Yes, I've responded to Mark's call for discussion for Project Leyden
yesterday (see
https://mail.openjdk.java.net/pipermail/discuss/2020-May/005464.html).

> Part of your proposal is a generally available heap snapshot mechanism. I
think it will be really useful in speeding up start-up. I want to
understand how it works. Given a very simple program:
>
>     @Preserve class A {
>         static final int A = B.B + 1;
>     }
>     @Preserve class B {
>         static final int B = A.A + 1;
>     }
>     class App {
>         public static void main(String args[]) {
>             if (args[0].equals("A")) {
>                 System.out.println("A.A = " + A.A);
>                 System.out.println("B.B = " + B.B);
>             } else {
>                 System.out.println("B.B = " + B.B);
>                 System.out.println("A.A = " + A.A);
>             }
>         }
>     }
>
>     $ java -cp . App A
>     A.A = 2
>     B.B = 1
>     $ java -cp . App B
>     B.B = 2
>     A.A = 1
>
> As you can see, the values of A.A and B.B depends on the order of
execution.
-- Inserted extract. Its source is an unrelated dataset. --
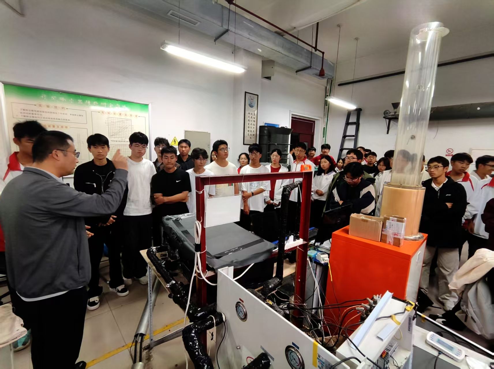 在能源与动力工程系主任李海军和系副主任巨福军带领下,能源与动力工程专业2025级本科生先后参观了恒温恒湿实验室、新型热力循环实验室、制冷技术实验室及新能源汽车空调实验室等科研实验室。巨福军详细讲解了制冷空调与热泵系统的节能机理、基于人工智能的智能控制技术创新路径,有效激发了员工对绿色制冷科技的前沿兴趣与探索热情。
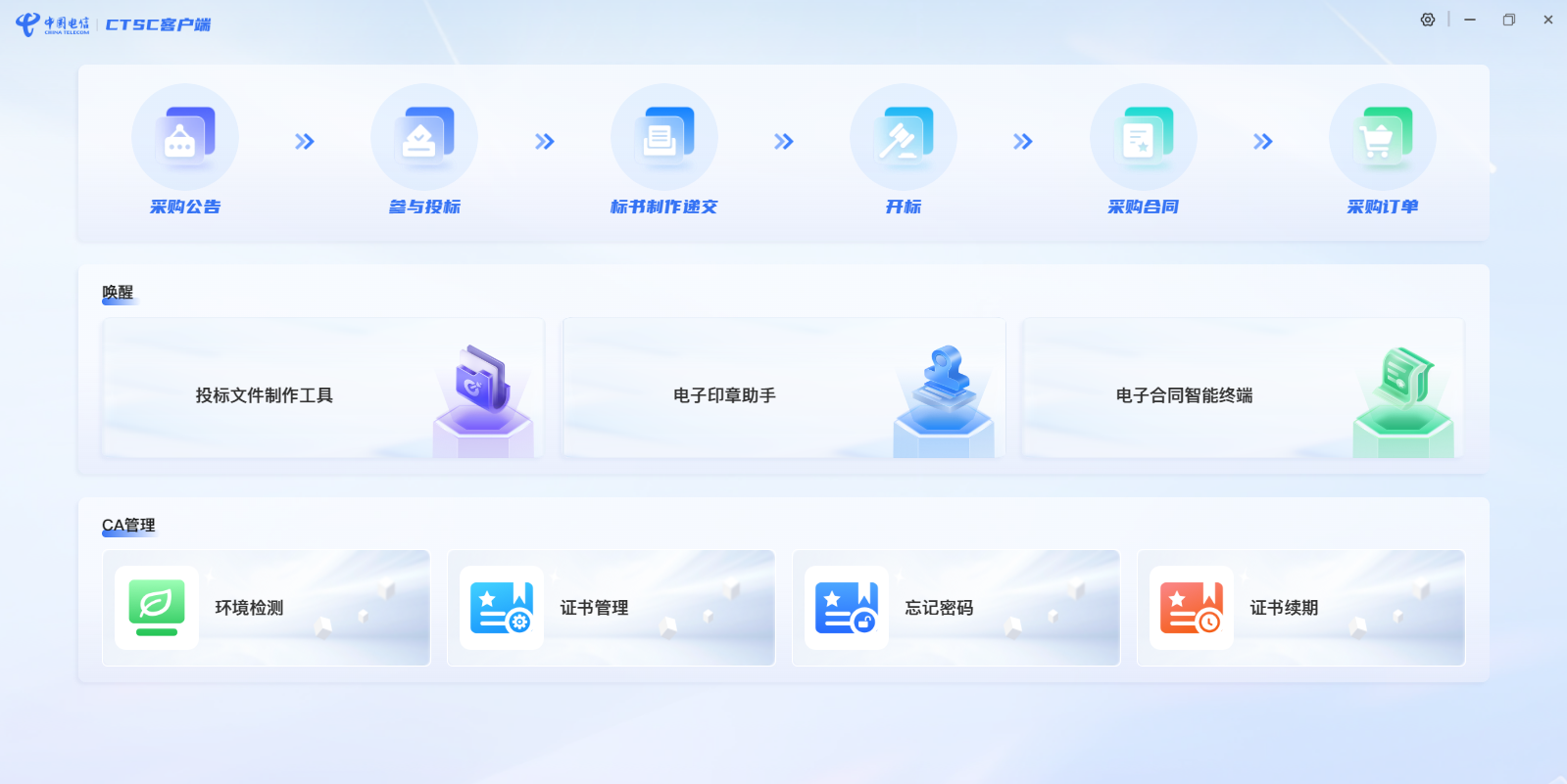 ctsc客户端,具有ca管理、pc软件唤醒等功能模块,支持供应商投标文件制作、合同订单盖章等业务,集中配置,统一管理,提升用户体验,增强数据集中和分析能力。

However, the heap snapshot can save only one possible set of
values.
>
> So let's assume we have saved {A.A=2, B.B=1}. If you run the program like:
>
>     $ java -cp . App B
>     B.B = 1
>     A.A = 2
>
> The output is not valid according to the current Java Language Spec.
>
> I think there are ways to solve this. For example, we could evolve the
JLS to introduce a new concept of "linking" an Java app. The can allow the
programmer to specify a set of classes to be loaded/linked/initialized
ahead-of-time. I think it will be best to discuss such JLS changes in
Leyden. It is important not just for class loading, but also for the AOT
compiler.
>

Perhaps finding the answers to the following questions may help?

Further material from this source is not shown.